Figure 2. The linkage disequilibrium (LD) pattern for single-nucleotide polymorphisms in the IGFBP3 (A) and IGFBP4 (B) genes for case participants and control participants. The LD measures are indicated as the correlation coefficient (r2). The shades of gray indicate the magnitudes of the r2 value. Note that, on the basis of the definition in Gabriel et al,38 no LD block can be constructed in these 2 regions.
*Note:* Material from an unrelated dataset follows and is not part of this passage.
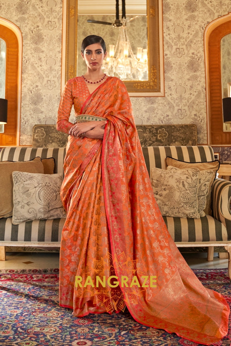 Royal Orange Zari Woven Banarasi Tussar Silk Saree

Mak JYY, Yap MKH, Fung WY, Ng PW, Yip SP. Association of IGF1 Gene Haplotypes With High Myopia in Chinese Adults. Arch Ophthalmol. 2012;130(2):209-216. doi:10.1001/archophthalmol.2011.365
Author Affiliations: Department of Health Technology and Informatics (Mss Mak and Fung, Mr Ng, and Dr Yip) and Centre for Myopia Research, School of Optometry (Dr Yap and Mr Ng), The Hong Kong Polytechnic University, Hong Kong Special Administrative Region.
Objective To investigate the association of high myopia with common single-nucleotide polymorphisms (SNPs) in the IGF1, IGFBP3, and IGFBP4 genes in a Chinese population.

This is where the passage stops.